## TASK DIRECTIONS
Lines that contain "gerade" are to be copied from the material, every one of them.

## DATA FOR PROCESSING
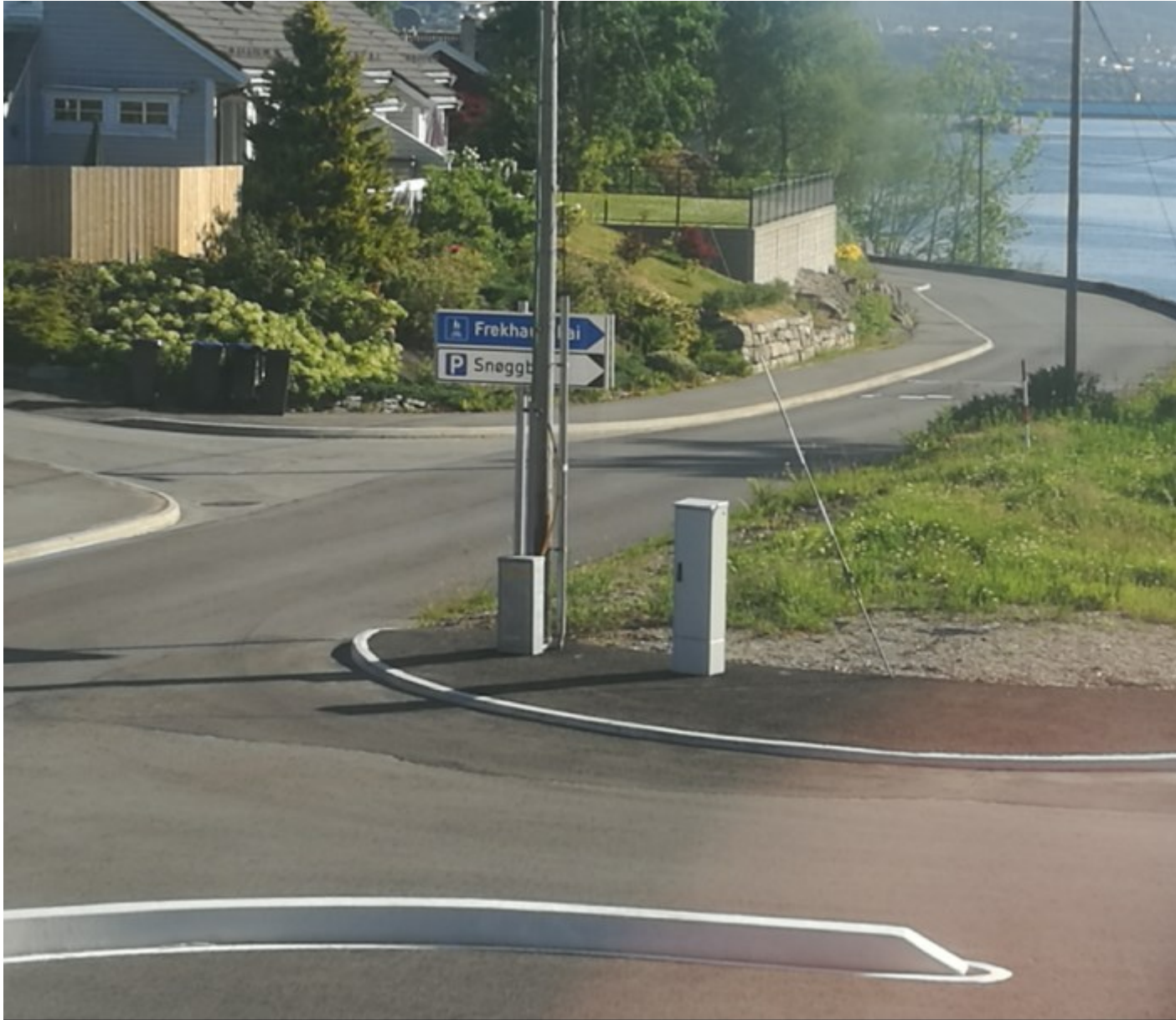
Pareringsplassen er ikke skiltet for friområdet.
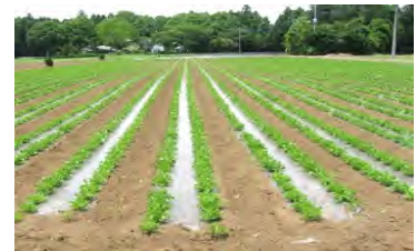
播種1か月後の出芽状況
--
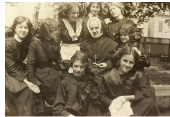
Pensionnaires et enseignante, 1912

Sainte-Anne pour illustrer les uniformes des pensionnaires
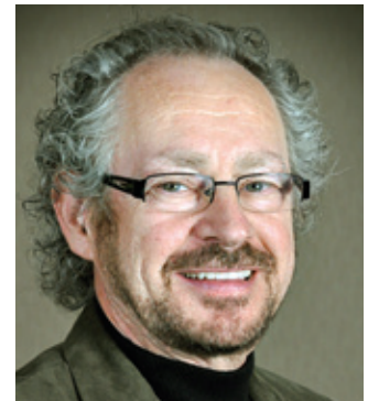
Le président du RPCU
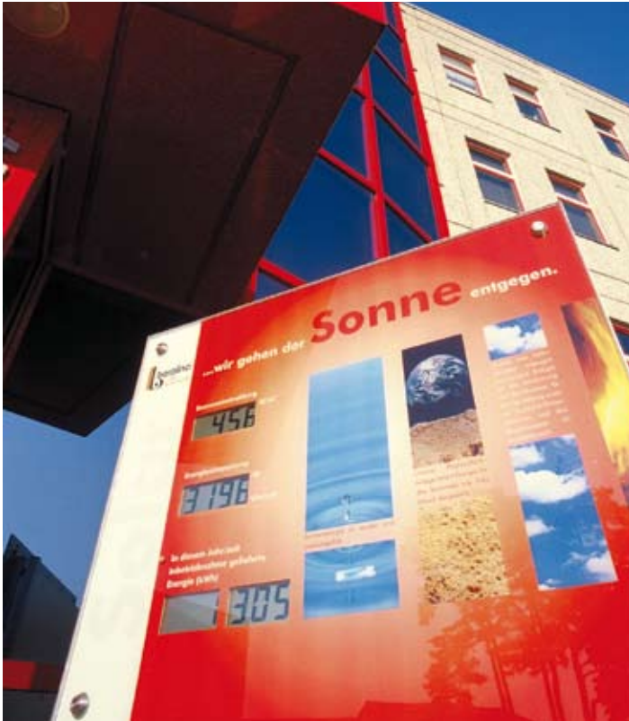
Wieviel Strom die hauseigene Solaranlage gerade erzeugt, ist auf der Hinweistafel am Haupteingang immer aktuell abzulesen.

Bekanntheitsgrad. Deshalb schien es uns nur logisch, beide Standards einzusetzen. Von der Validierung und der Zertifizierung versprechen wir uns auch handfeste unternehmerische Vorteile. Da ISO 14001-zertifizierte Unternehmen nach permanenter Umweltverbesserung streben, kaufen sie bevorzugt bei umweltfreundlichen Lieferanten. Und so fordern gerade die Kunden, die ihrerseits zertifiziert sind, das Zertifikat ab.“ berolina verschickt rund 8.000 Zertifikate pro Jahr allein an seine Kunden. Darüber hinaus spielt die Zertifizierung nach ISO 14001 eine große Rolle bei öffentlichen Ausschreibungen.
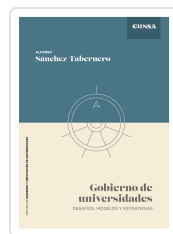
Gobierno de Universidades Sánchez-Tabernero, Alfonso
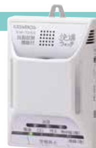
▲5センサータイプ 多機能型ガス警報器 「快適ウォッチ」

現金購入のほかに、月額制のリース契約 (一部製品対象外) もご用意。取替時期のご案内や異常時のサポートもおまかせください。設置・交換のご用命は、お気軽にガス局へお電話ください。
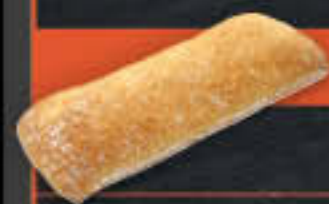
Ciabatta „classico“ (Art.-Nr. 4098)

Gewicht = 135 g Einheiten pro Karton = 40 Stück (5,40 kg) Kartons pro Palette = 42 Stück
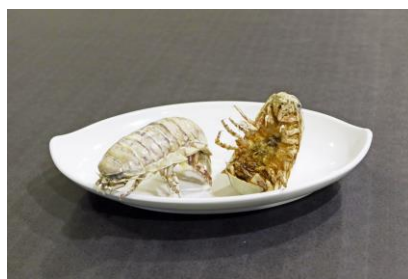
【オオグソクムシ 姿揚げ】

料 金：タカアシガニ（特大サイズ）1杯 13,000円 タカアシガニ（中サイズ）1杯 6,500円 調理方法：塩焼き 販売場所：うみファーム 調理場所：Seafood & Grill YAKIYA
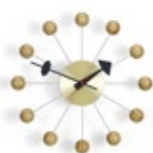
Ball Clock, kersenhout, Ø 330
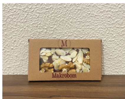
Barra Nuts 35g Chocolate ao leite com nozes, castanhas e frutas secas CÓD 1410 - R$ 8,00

## EXPECTED ANSWER
Wieviel Strom die hauseigene Solaranlage gerade erzeugt, ist auf der Hinweistafel am Haupteingang immer aktuell abzulesen.
Bekanntheitsgrad. Deshalb schien es uns nur logisch, beide Standards einzusetzen. Von der Validierung und der Zertifizierung versprechen wir uns auch handfeste unternehmerische Vorteile. Da ISO 14001-zertifizierte Unternehmen nach permanenter Umweltverbesserung streben, kaufen sie bevorzugt bei umweltfreundlichen Lieferanten. Und so fordern gerade die Kunden, die ihrerseits zertifiziert sind, das Zertifikat ab.“ berolina verschickt rund 8.000 Zertifikate pro Jahr allein an seine Kunden. Darüber hinaus spielt die Zertifizierung nach ISO 14001 eine große Rolle bei öffentlichen Ausschreibungen.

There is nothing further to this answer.